■ EXERCISE DESCRIPTION ■
Starting at the line that contains "子どもたちのための、学校と家", copy every line through the end of the records below exactly as written, leaving out pictures.

■ INFORMATION SUPPLIED ■
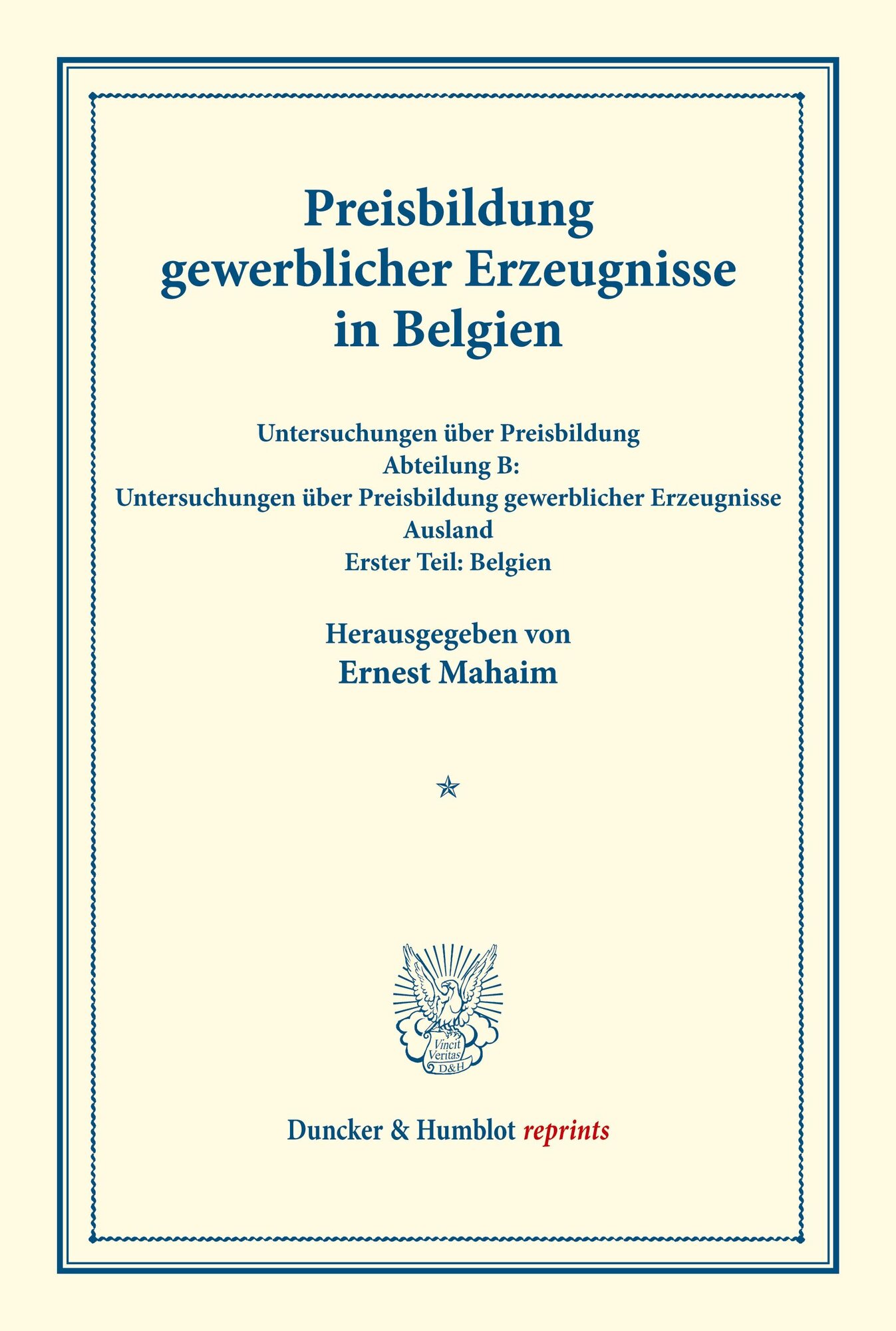 Preisbildung gewerblicher Erzeugnisse in Belgien. (francuski)
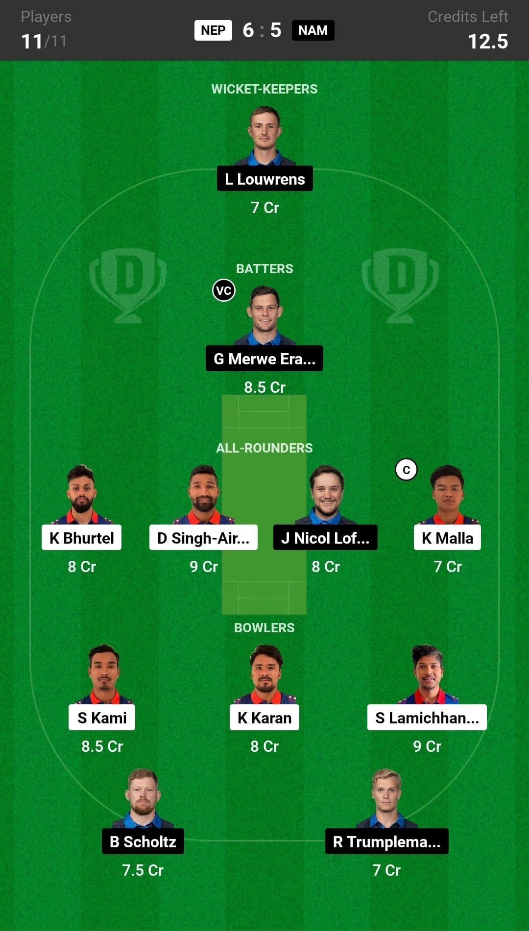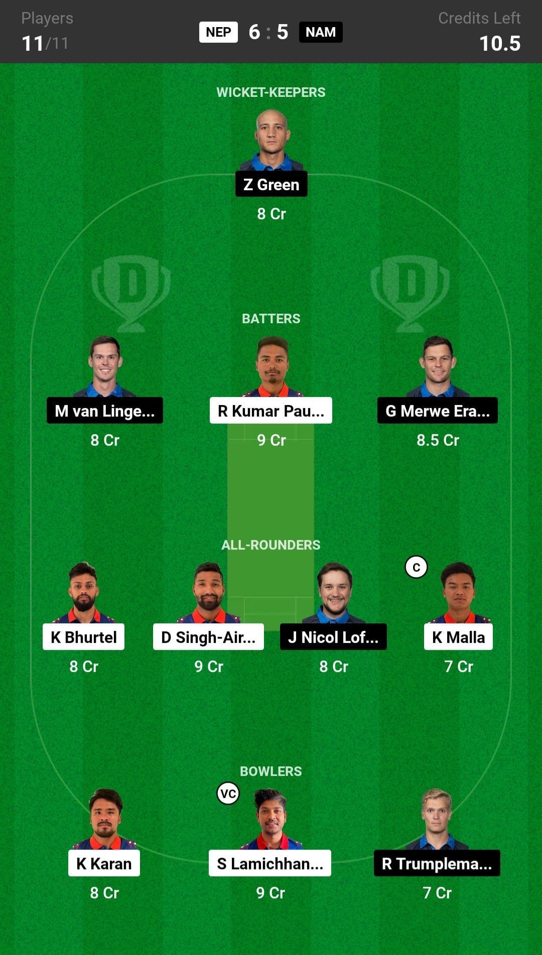 Bowlers: K Karan, R Trumpelman, S Lamichhane
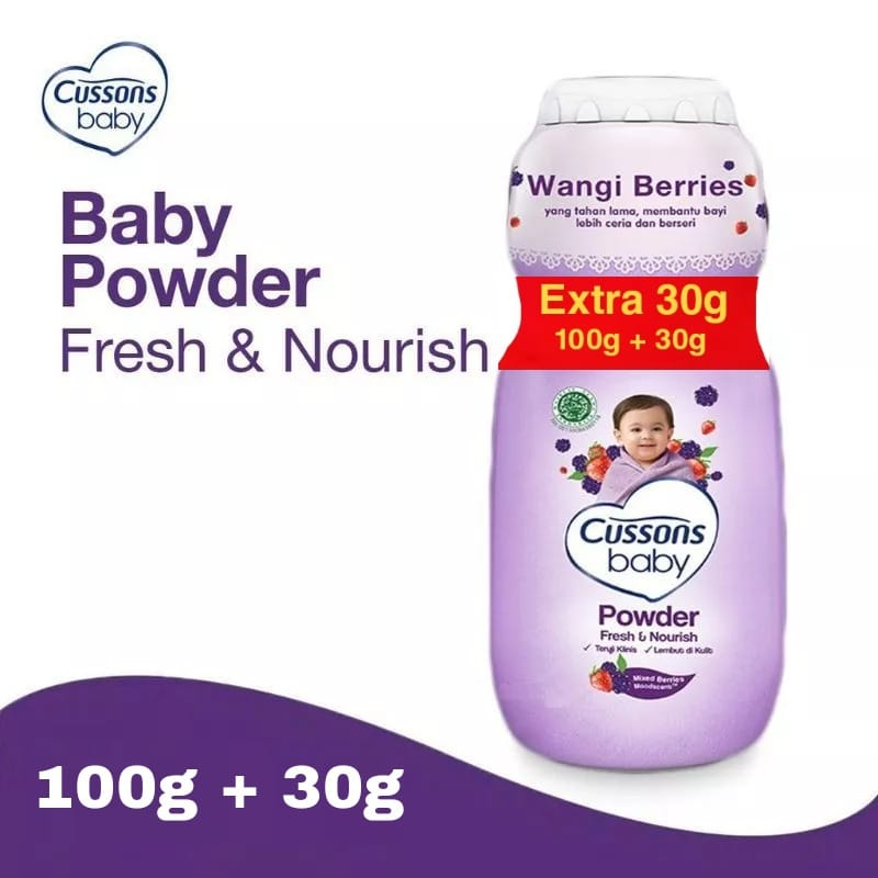 CUSSONS BABY POWDER: isi 100+30g Cuaca panas membuat bayi Anda berkeringat secara berebihan sehingga kulit bayi mudah kehilangan kelembabannya dan menjadi lebih kering. Soft & Smooth,Mild & Gentle,Fresh & Nourish Baby Powder kami telah diformulasikan secara khusus untuk menjaga kulit bayi tetap halus dengan wangi bunga yang lembut Diperkaya dengan bahan alami Almond Milk yang menutrisi dan melembabkan kulit dan Rose Oil dengan keharuman yang memberi rasa nyaman. Expired =MEI 2026
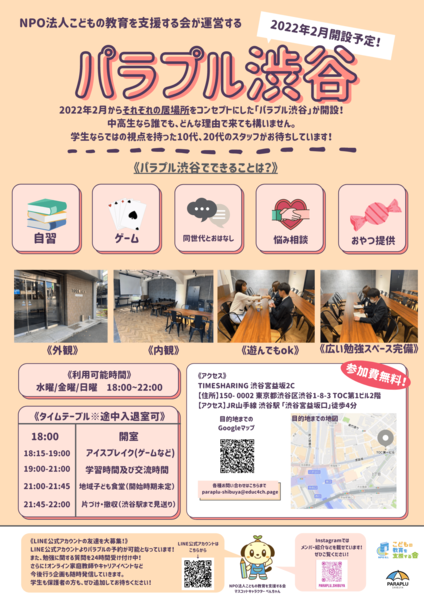 子どもたちのための、学校と家以外の第三の居場所づくり/ボランティア証明書発行可能/年代問わず歓迎!
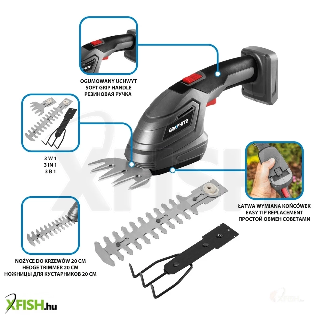 A három hegyből álló készülék ideális a fák, bokrok, sövények és gyepek precíz metszéséhez. 3/8"-os nyéllel rendelkezik, 3/8"-os rögzítéssel és vágási szélességgel:

■ EXPECTED ANSWER ■
 子どもたちのための、学校と家以外の第三の居場所づくり/ボランティア証明書発行可能/年代問わず歓迎!
 A három hegyből álló készülék ideális a fák, bokrok, sövények és gyepek precíz metszéséhez. 3/8"-os nyéllel rendelkezik, 3/8"-os rögzítéssel és vágási szélességgel:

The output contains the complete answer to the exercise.